**Dataset section:**
- - - -

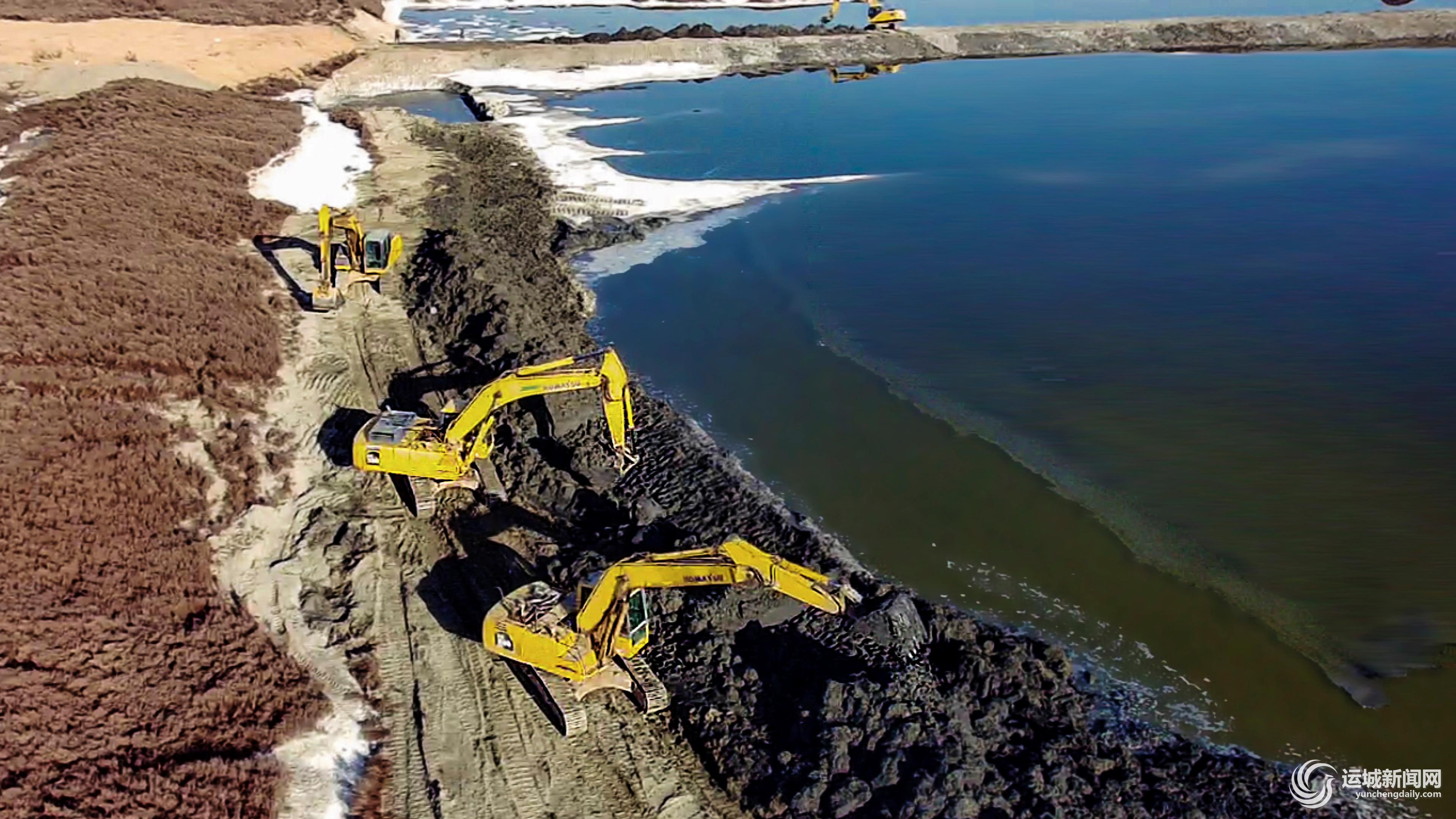 近日,施工人员操作机械在盐湖景区内实施堤埝除险加固工程。有4000多年开发历史的盐湖景区从2021年8月份开始实施生态修复工程,一期修复工程包括堤埝除险加固、江道治理、生态修复等及修建配套设施。工程完工后,美丽盐湖将成为一道更加亮丽的城市风景线和旅游地标。 特约摄影 姜 桦 摄
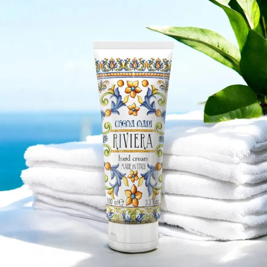 Hand Cream Riviera er en luksuriøs herlig velduftende håndkrem med fuktighetsgivende ingredienser som Aloe Vera og vitamin E og med dufter inspirert av Italias planter og frukter. Trekker lett inn i huden og etterlater den myk og full av duft og fuktighet. En duft som åpner med en frisk og fruktig toppnote av Nashi Pære, ledsaget av et snev av Iris, som gir dybde og eleganse. I hjertet av duften skaper Jasmine og Appelsinblomst en lett og sensuell blomsterbukett, mens den rike og omsluttende baseduften består av vanilje, pralin og patchouli, som gir sødme, varme og dybde.
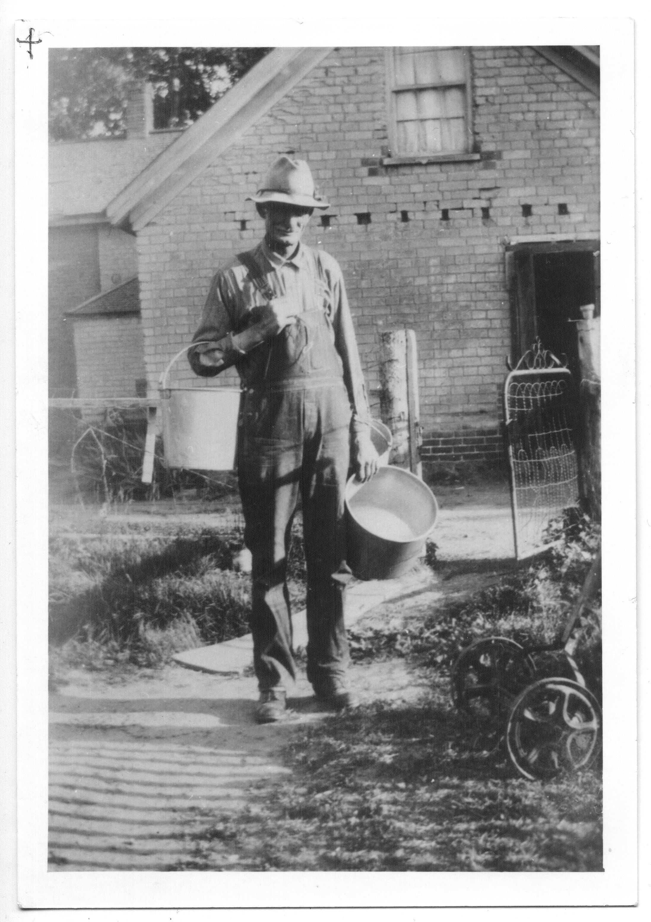 Rosel Hyde, Junior, carrying milking pails at the old Hyde pioneer farm in north Kaysville.Photograph Details

- - - -

**Task instructions:** The listing should be transcribed exactly. No picture is to appear in the transcription.

**Answer for this exercise:**
 近日,施工人员操作机械在盐湖景区内实施堤埝除险加固工程。有4000多年开发历史的盐湖景区从2021年8月份开始实施生态修复工程,一期修复工程包括堤埝除险加固、江道治理、生态修复等及修建配套设施。工程完工后,美丽盐湖将成为一道更加亮丽的城市风景线和旅游地标。 特约摄影 姜 桦 摄
 Hand Cream Riviera er en luksuriøs herlig velduftende håndkrem med fuktighetsgivende ingredienser som Aloe Vera og vitamin E og med dufter inspirert av Italias planter og frukter. Trekker lett inn i huden og etterlater den myk og full av duft og fuktighet. En duft som åpner med en frisk og fruktig toppnote av Nashi Pære, ledsaget av et snev av Iris, som gir dybde og eleganse. I hjertet av duften skaper Jasmine og Appelsinblomst en lett og sensuell blomsterbukett, mens den rike og omsluttende baseduften består av vanilje, pralin og patchouli, som gir sødme, varme og dybde.
 Rosel Hyde, Junior, carrying milking pails at the old Hyde pioneer farm in north Kaysville.Photograph Details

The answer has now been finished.